Assuming that all the pain points mentioned are of no concern, it’s not an issue. That’s because the hardware is paid for, or being paid for, regardless. As a result, an engineer seldom goes and looks at the performance across the board. We never really put effort into establishing baselines for Peak vs. Non-Peak performance.

Assuming you would like to have this replicated in the cloud, these VMs would run a significant bill every month. 

But understanding vertical scaling requirements and applying that to your horizontal approach means that we don’t build a 4 vCPU, 12GB beast. We build a much lighter version that we know can multiply at a moment’s notice, so we start making cost gains off of our non-peak usage to help manage the infrastructure costs for the peak demands.

“My Business Isn’t Cloud Ready”

This is a common phrase we hear. Either the technology stack is too old, or the processes are not mature enough or the cloud is too expensive.

All of these are valid reactions to a fundamental shift in technology, but all manageable concerns with the right planning and forethought.
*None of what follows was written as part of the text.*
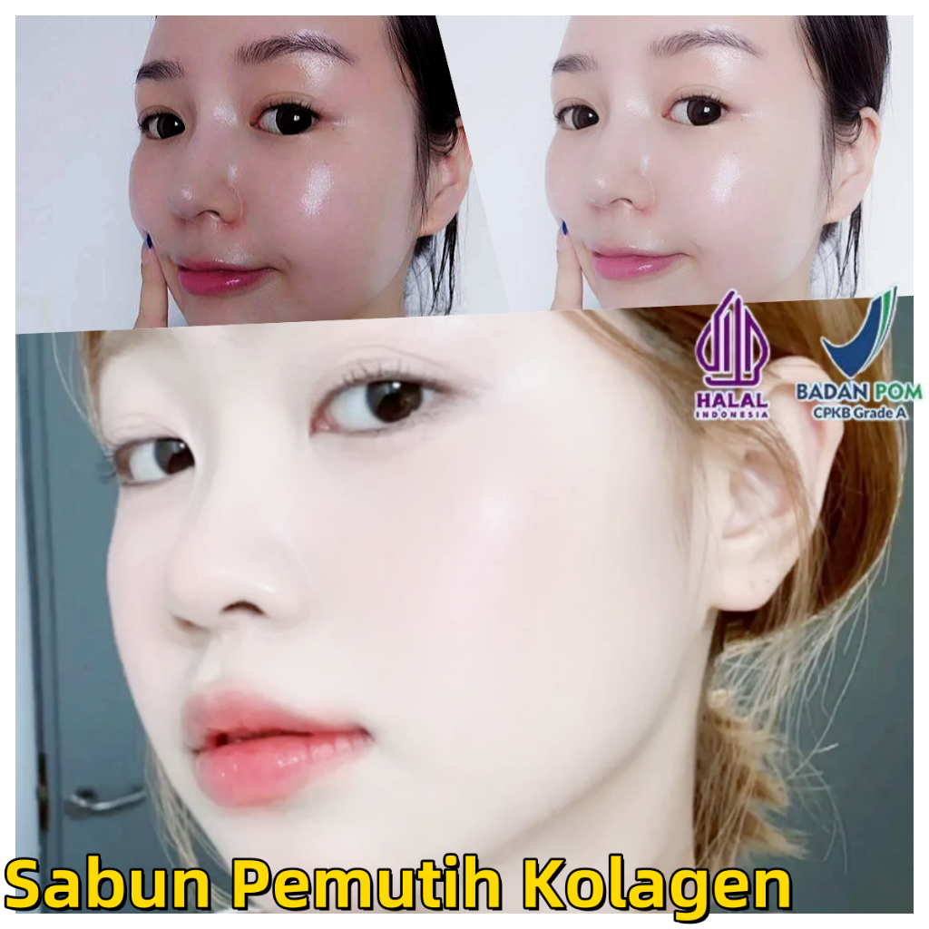 Sabun Pemutih Kolagen 85g Sabun Collagen Pemutih Anti-Aging Whitening Collagen Soap Cepat Wajah Jerawat Tungau Pembersih

And this does not require 3 budget cycles worth of planning. This is the part that brings us around to scaling and understanding scaling of our on-premise environments.
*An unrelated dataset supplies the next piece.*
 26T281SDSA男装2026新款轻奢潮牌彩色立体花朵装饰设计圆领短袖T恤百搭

My most successful cloud migrations all begin with an intimate understanding of just how much horsepower we need. The reason cloud planning becomes a shorter cycle is because the performance baseline is often the last 5% of your environment that you do not know. 

Spending the time to understand how you would need to scale based on what you are actually using is 5% time spent now, but is what I estimate to be 40% of your cloud planning done.
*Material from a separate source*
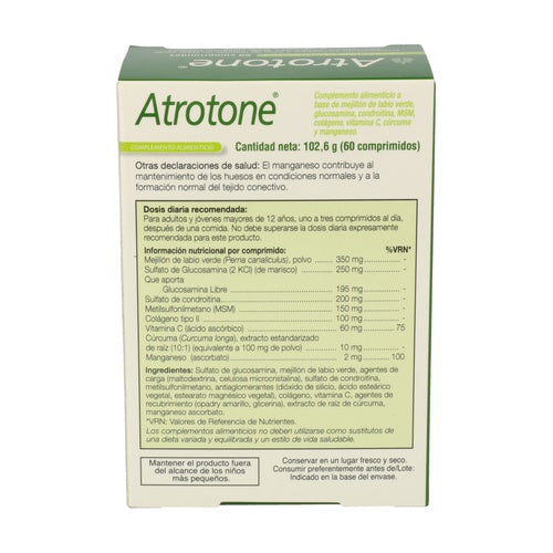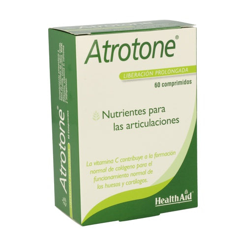 Atrotone de Health Aid es un complemento alimenticio a base de glucosamina, condroitina, cúrcuma, MSM, vitamina C, manganeso y colágeno.

Clients are often shocked when we tell them their environments are vastly over spec’d and they’re pleasantly surprised to see the proposed cloud spend, even when the worst case is presented. 

Provided the workload numbers are observed and as accurate as can be obtained, there is no risk of cardiac arrest at a cloud bill.

Do We Need A Bigger Boat?

To summarise the above, no.

Even for monolithic workloads, horizontal scaling will give the best results. This is all however pointless reading unless a full understanding of what the current processing capabilities of your system is. 

This will make for a well defined on-premise experience, as well as a right-sized cloud migration and environment that does not break the bank but gives all the flexibility.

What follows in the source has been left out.